The Dragon Legion Collection 9 (26 page)

“By planting the teeth, sowing them like seeds,” Petra guessed.

Damien looked up in surprise.

“It’s in a story,” she explained with a smile and he shook his head. “But two thousand years?”

He nodded. “I have seen the future. I thought this world lost to us.” He sighed. “We all thought ourselves adrift, until the darkfire was released.”

“Released from what?”

“It was trapped in a stone by some sorcery. Actually, there are said to be three darkfire crystals, according to the
Pyr
of future times, and one of them was broken, setting the force of darkfire loose in the world.” He frowned. “Everything can change when the darkfire burns.”

Was everything changing for her and Damien? Petra wanted that to be true so badly that she didn’t want to say it aloud.

“The darkfire brought you here, then.”

Damien nodded. “Our commander, Drake, took possession of one of the crystals. He thought it ordered him to do so. Once he had it, it began to flare intermittently. Whenever it did that, we were flung through space and time, cast down in a strange place until the crystal lit again.

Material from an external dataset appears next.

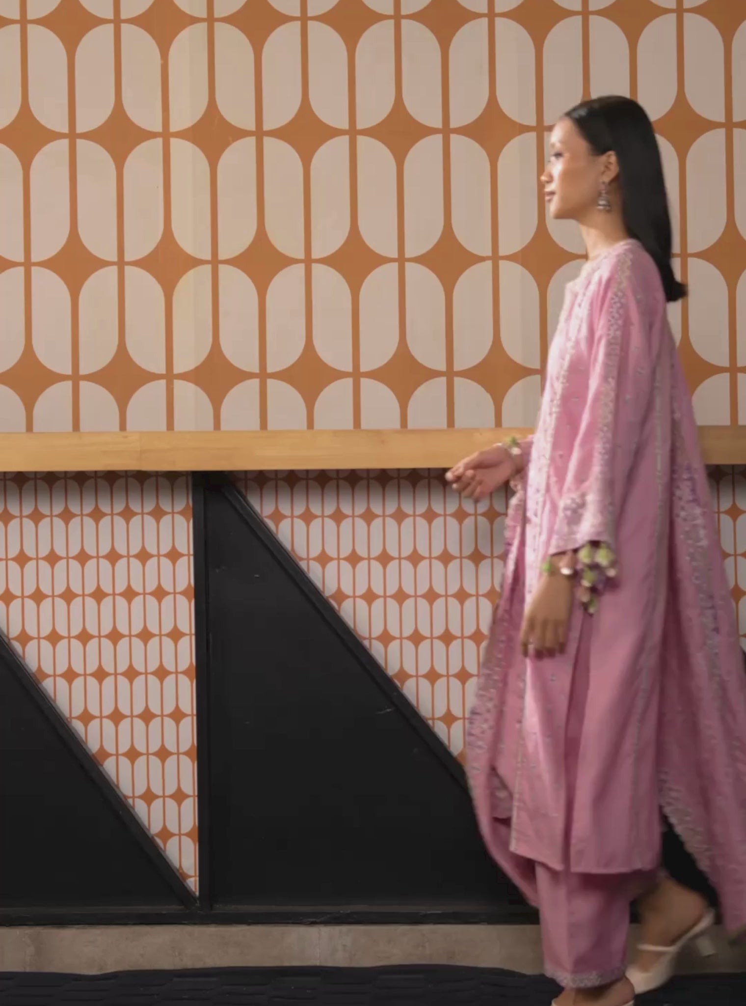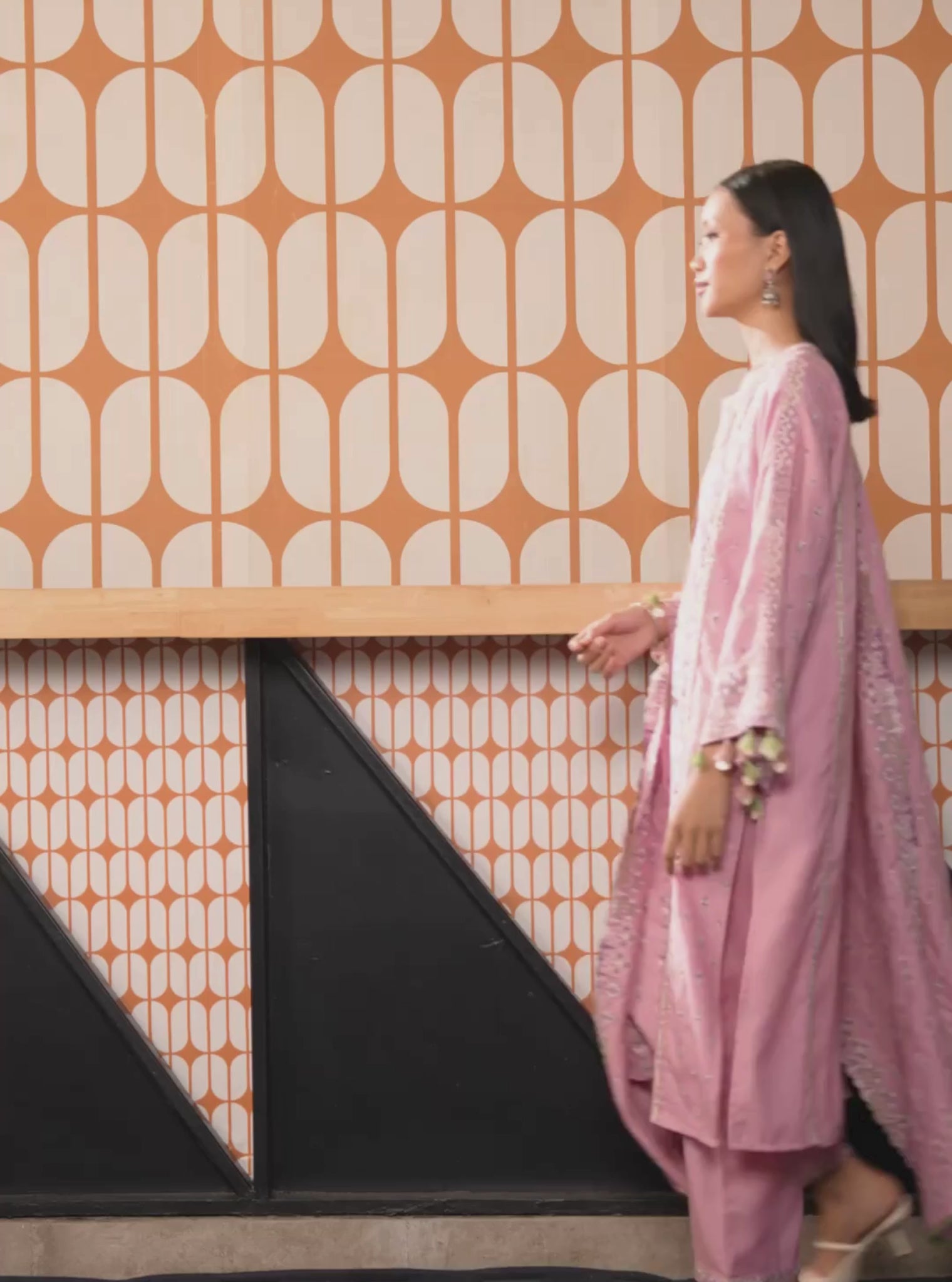 Romantic and relaxed, the Phoebev Kurta Set in pink channels winter florals through intricate thread motifs. Its straight silhouette and warm wool fabric make it both flattering and functional.

We lost men along the way. It was before we came here that Thaddeus suggested the crystal was taking us to our firestorms. One of us, Alexander, was taken back to the village where he left Katina and his son.”

“What happened to him?”

“I don’t know. The crystal lit again, and Alexander ran from us, determined to be left behind.” He met her gaze steadily. “Then it took us to a place where Orion’s firestorm sparked. He pursued her and the crystal brought us here. As soon as I saw the River Acheron, I knew the darkfire was giving me the chance to save our son.” He squeezed her hand slightly. “What if the darkfire is giving
us
a second chance?”

The baby kicked just as his father spoke. Petra would have turned away, but Damien was too observant to miss her reaction. He was leaning over her in a heartbeat, her elbow in his hand. “What is it?”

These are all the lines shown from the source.